First lunar meteorite discovered on Earth

Allan Hills A81005 or ALH A81005 (sometimes also named without the "A" in front of the number) was the first meteorite to be recognised as a lunar meteorite. The meteorite Yamato 791197 was discovered in 1979 but its lunar origin was not recognised until 1984. ALH A81005 was found in 1982 in the Allan Hills at the end of the Transantarctic Mountains, during a meteorite gathering expedition (ANSMET).

==Discovery and naming==
ALH A81005 was found on 17 January 1982 by John Schutt and Ian Whillans. It is named after the Allan Hills, a mountain chain in Antarctica where many meteorites are gathered by expeditions. The large number of meteorites collected in Antarctica and the lack of geographic terms that could be used for names have led to the adaption of the "Antarctic rules" for meteorite naming. Every meteorite found in Antarctica receives the names of the collection area (Allan Hills) and a number. The number consists of the year the expedition started "81" and a three digit number that is given out consecutively (005). The "A" in front of the number stands for meteorites collected by ANSMET expeditions and can be considered optional. The definition of the year is used because the year changes during the Austral summer season (December to March) and this avoids samples from one expedition having different years. This is the reason ALH A81005 has the year "81" in its name despite being found on 17 January 1982.

==Description==
ALH A81005 measures 3 × 2.5 × 3 cm. It has a dark fusion crust on the outside. The interior is made up of a black to dark grey groundmass (matrix) with larger grey and white angular crystals (clasts). This appearance is typical for breccias, including those originating on Earth. The size of the larger crystals ranges from sub-millimeter to 8 mm in diameter.

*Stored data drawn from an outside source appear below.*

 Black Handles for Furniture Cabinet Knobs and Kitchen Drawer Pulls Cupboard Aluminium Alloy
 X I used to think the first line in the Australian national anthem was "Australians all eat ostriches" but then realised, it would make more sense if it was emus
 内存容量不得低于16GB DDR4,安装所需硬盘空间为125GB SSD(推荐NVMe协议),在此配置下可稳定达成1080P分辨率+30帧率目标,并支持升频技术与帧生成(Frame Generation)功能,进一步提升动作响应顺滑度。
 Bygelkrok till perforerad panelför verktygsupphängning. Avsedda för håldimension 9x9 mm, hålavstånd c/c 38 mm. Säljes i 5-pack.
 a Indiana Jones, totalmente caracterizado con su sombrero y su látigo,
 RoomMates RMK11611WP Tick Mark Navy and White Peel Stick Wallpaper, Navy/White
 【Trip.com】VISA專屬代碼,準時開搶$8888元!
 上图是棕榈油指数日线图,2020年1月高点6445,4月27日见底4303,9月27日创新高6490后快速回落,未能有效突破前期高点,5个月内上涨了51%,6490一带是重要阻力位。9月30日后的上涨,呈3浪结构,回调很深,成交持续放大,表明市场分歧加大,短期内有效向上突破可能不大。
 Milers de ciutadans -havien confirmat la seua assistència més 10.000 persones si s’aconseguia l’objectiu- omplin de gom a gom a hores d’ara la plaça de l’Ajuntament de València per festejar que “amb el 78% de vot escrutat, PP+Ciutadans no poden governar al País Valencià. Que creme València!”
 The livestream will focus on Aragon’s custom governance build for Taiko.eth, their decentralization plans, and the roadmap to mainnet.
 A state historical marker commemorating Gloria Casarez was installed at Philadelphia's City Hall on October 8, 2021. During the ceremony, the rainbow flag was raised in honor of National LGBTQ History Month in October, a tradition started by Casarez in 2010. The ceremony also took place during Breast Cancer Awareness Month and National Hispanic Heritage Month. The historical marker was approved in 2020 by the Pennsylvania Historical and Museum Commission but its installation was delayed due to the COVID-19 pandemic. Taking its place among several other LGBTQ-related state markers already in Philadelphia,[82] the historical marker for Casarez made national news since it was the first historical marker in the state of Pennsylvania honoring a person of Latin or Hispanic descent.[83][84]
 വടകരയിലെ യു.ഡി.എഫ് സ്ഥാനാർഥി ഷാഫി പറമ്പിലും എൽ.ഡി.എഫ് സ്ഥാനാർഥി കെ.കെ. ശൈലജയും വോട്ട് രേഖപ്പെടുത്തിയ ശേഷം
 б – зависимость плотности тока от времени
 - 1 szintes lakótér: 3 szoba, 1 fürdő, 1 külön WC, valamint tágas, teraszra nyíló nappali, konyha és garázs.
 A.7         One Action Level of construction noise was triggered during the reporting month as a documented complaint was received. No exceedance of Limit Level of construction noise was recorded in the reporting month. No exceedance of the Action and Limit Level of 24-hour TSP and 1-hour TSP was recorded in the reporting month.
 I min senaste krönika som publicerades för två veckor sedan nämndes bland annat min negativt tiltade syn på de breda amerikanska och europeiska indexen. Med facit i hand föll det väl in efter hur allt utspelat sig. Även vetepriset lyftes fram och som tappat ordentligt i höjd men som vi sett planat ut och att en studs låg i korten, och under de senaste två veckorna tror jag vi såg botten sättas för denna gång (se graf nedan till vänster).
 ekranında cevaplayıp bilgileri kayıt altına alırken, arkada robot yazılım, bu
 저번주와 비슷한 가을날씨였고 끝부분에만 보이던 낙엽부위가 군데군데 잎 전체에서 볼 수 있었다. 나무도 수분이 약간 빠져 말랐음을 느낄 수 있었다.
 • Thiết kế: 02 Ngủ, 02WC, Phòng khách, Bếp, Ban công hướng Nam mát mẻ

Thin section analysis revealed that the crystals are mostly plagioclase, with some pyroxene and olivine. It was also discovered that the meteorite had similarities to terrestrial gabbro or basalt. Microprobe analysis showed that the plagioclase was very calcium-rich. The crystals are a solid solution of 97% anorthite and 3% albite. The pyroxenes have a variable composition lying between enstatite, ferrosilite and wollastonite. The olivine is a solid solution of 11 to 40% fayalite with the rest being forsterite. ALH A81005 is classified as a "lunar anorthosite breccia" and belongs to the group "lunar anorthosite" (abbreviated Lun-A).

== History ==
The determination that ALH A81005 was of lunar origin was made by Robert Clayton and Toshiko Mayeda, researchers at the University of Chicago, following the determination by Smithsonian Institution scientist Brian Harold Mason that the meteorite was similar in chemical and isotopic composition to rocks returned by the Apollo program astronauts from lunar highland areas. Evidence that ALHA 81005 is a lunar sample, was presented at the 18 March 1983 meeting of the Lunar and Planetary Institute. The evidence included fabric data, mineralogical data, compositional data, oxygen isotope data, noble gas data, cosmic ray exposure history, magnetic properties, nuclear particle tracks, and thermoluminescence data.

An analysis conducted by co-relating data from the Chandrayaan-3 rover Pragyan's APXS instrument aided scientists from PRL to conduct a comprehensive geochemical study of the lunar surface in 2026. It was discovered from these findings that the composition of the ALHA 81005 meteorite discovered in the Allan Hills region of Antarctica and the first meteor suspected to be of lunar origin to have closely matched those values explored by the rover at the landing site near Statio Shiv Shakthi. Although it could not be concluded that the rock is indeed from the Lunar South pole, the study postulated multiple more theories on the impact created by the formation of the South-pole Atiken basiN, that has altered the geochemical composition of the Shiv Shakthi landing site.